La Charte éthique comme un référent général
Ce serait oublier un peu vite qui nous sommes et pourquoi nous nous sommes dotés de ces principes. Ils expriment en effet des règles de vie à l’intérieur de notre Tribunal pour que nous puissions accomplir au mieux notre mission fondamentale qui est de rendre des décisions impartiales et de bonne qualité dans un climat de travail le plus harmonieux possible. Si nous avons édicté ces règles, c’est que nous étions conscients de devoir remplir un mandat de service public.
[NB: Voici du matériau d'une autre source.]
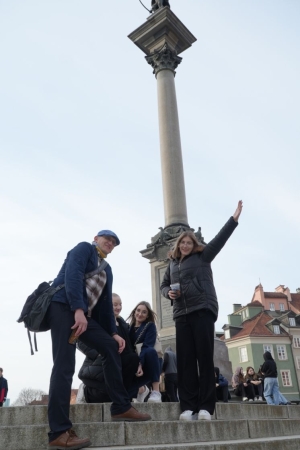 Następnie Pan Bogdan Tuła poprowadził naszą grupę przez Krakowskie Przedmieście pod Zamek Królewski, po drodze opowiadał o ważnych dla stolicy i całej Polski miejscach i osobach. Między innymi przeszliśmy obok Belwederu, znanych kościołów warszawskich, związanych z Prymasem Tysiąclecia Stefanem Wyszyńskim i ks. Janem Twardowskim, a także obok kamienicy, w której mieszkał Bolesław Prus. Mieliśmy też czas wolny, żeby na własną rękę pospacerować po reprezentacyjnych miejscach stolicy czy zjeść słodki deser w pobliskich kawiarniach.

Elles traduisent l’idée que nous ne sommes pas une finalité en soi.
«La Charte éthique rappelle les principes fondamentaux de notre fonctionnement. Elle exprime les principes qui doivent nous guider pour surmonter toutes les difficultés qui sont étrangères aux causes elles-mêmes.»
Gérald Bovier
Et pourtant ces règles ne sont pas, il est vrai, aisées à vivre au quotidien. Il faut y travailler. Nous tous qui composons le tribunal sommes l’expression de la société globale. Dans toute sa variété, sa richesse, mais aussi dans toutes ses contradictions. Une société divisée et parfois même écartelée, lorsqu’il s’agit d’apprécier les sujets de société contemporains. Il faut donc porter une réflexion sur la façon d’œuvrer ensemble. C’est là que des règles de conduite, comme un référent général, sont les bienvenues. Bien que générales et non contraignantes, elles sont utiles. Même si elles interpellent et interrogent, sans répondre définitivement. Jusqu’où va l’indépendance ? Peut-on être impartial, alors que chacun a sa culture, son parcours de vie, ses valeurs ? Où commence le préjugé ? Jusqu’où va le respect de l’autre, lorsqu’un juge doit dans le même temps affirmer son indépendance?
Trouver un équilibre
Et pourtant, nous devons trouver un modus vivendi. C’est une affaire d’équilibre. Comme toujours, lorsqu’il est question de vivre et de travailler ensemble. Le monde qui nous entoure est devenu hypercritique. Nous vivons dans ce monde, au cœur de ses réalités, de ses évolutions. Nous ne pouvons pas y échapper. Mais nous avons un mandat constitutionnel, le citoyen nous fait confiance. Nous devons nous montrer dignes de cette confiance, malgré la polarisation de la société et malgré les attentes contradictoires qu’elle génère.
La Charte éthique rappelle les principes fondamentaux de notre fonctionnement. Elle exprime les principes qui doivent nous guider pour surmonter toutes les difficultés qui sont étrangères aux causes elles-mêmes. Les principes qu’elle énonce doivent nous aider à nous concentrer sur l’essentiel, doivent nous permettre de prendre la distance qui convient pour mieux pouvoir juger. Elle est donc plus nécessaire que jamais dans le contexte actuel. Elle doit nous inspirer pour affirmer notre indépendance comme institution, notre rôle de 3ème pouvoir, au-dessus de la mêlée. Soyons fiers de ce texte et du rôle pionnier que nous avons pu assumer en l’adoptant!